L'affaire Wong a au moins le mérite de nous ramener à un débat fondamental dans nos sociétés où de plus en plus souvent les médias cherchent davantage à exciter qu'à informer.
Partout en Amérique du Nord sévissent " ces amuseurs publics " des ondes, que ce soit à la radio ou à la télévision, qui n'ont comme seul objectif de provoquer la réaction du public pour gonfler leurs auditoires à des fins bassement commerciales. Le Québec ne fait pas exception et en cela n'est pas une " société distincte ". Mais l'affaire Wong est pour nous beaucoup plus préoccupante.
Jan Wong est une journaliste d'expérience et est bien connue au Canada anglais. De plus, elle travaille pour le réputé Globe and Mail qui revendique le statut de journal " national ". Certains seraient tentés d'invoquer la " liberté d'expression " pour défendre Me Wong lorsqu'elle fait un lien entre les tueries du Collège Dawson, de l'Université Concordia et de Polytechnique et la marginalisation des immigrés dans une société qui valorise les " pure laine ". Ce principe fondamental de la liberté d'expression permet jusqu'à un certain point à des individus de dire n'importe quoi, tant qu'ils n'empiètent pas sur les droits des autres. Dans la balance des inconvénients, il est à cet égard mieux de les laisser parler plutôt que de leur imposer le silence.
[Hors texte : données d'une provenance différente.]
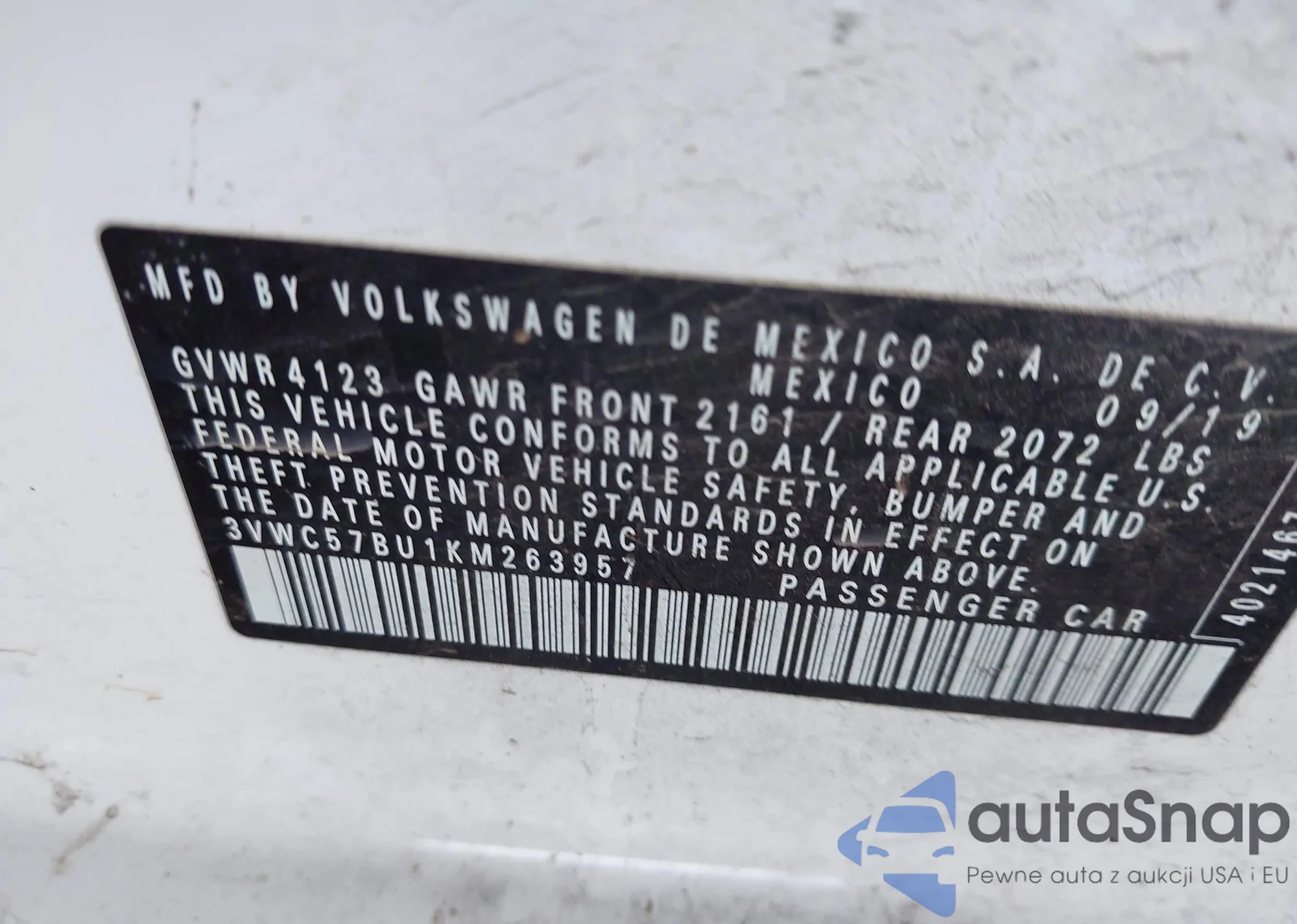 3VWC57BU1KM263957 IAAI

Mais on a affaire ici à un principe beaucoup plus exigeant que la liberté d'expression, soit la liberté de presse, bien définie dans des codes d'éthique journalistique. Ainsi, des blâmes peuvent être adressés à des journalistes s'ils ont agi de façon irresponsable sans qu'ils soient poursuivis en cour. Le journaliste et son entreprise ont un fardeau beaucoup plus lourd lorsqu'ils prennent position que le simple citoyen qui commente un événement au gré des conversations.
La liberté de presse, on ne le dit jamais assez souvent, comporte des responsabilités inhérentes importantes. On n'a qu'à lire la plupart des codes d'éthique journalistique pour s'en rendre compte.
Dans le document sur les " Droits et Responsabilités de la presse " du Conseil de presse du Québec, on insiste sur le fait que " les médias et les professionnels de l'information doivent éviter de cultiver ou d'entretenir des préjugés ".
Guide déontologique
Dans le guide déontologique de la Fédération professionnelle des journalistes du Québec, on indique que les " journalistes doivent être sensibles à la portée de leurs reportages. Ils doivent éviter les généralisations qui accablent des groupes minoritaires, les propos incendiaires, les allusions non pertinentes à des caractéristiques individuelles, les préjugés et les angles de couverture systématiquement défavorables qui pourraient attiser la discrimination ".
Même dans la presse d'opinion, cette liberté n'est pas absolue. Le Conseil de presse indique que " les auteurs de chroniques, de billets et de critiques ne sauraient se soustraire aux exigences de rigueur et d'exactitude. Ils doivent éviter, tant par le ton que par le vocabulaire qu'ils emploient de donner aux événements une signification qu'ils n'ont pas ou de laisser planer des malentendus qui risquent de discréditer les personnes ou les groupes ".
La liberté de presse est un acquis précieux mais fragile. Elle repose en grande partie sur la crédibilité de ceux et celles qui l'exercent. Des journalistes qui doivent comme le décrit le Guide de déontologie de la FPJQ " baser leur travail sur des valeurs fondamentales telle (...) l'honnêteté qui leur impose de respecter scrupuleusement les faits, et l'ouverture d'esprit qui suppose chez eux la capacité d'être réceptifs aux réalités qui leur sont étrangères et d'en rendre compte sans préjugés. "
Or comment associer un événement aussi triste que la tuerie de Dawson au caractère " pure laine " de la société québécoise, sans sombrer dans les pires préjugés à l'égard d'une collectivité toute entière? Pour remplir la responsabilité d'informer, il ne suffit pas de dire qu'on ne fait que " poser des questions et explorer des avenues inconfortables " comme on l'a lu dans un éditorial du Globe and Mail. L'exactitude des faits est beaucoup plus exigeante.
Alain Gravel
_ L'auteur est président de la Fédération professionnelle des journalistes du Québec. Il signe ce texte au nom de l'exécutif de cet organisme.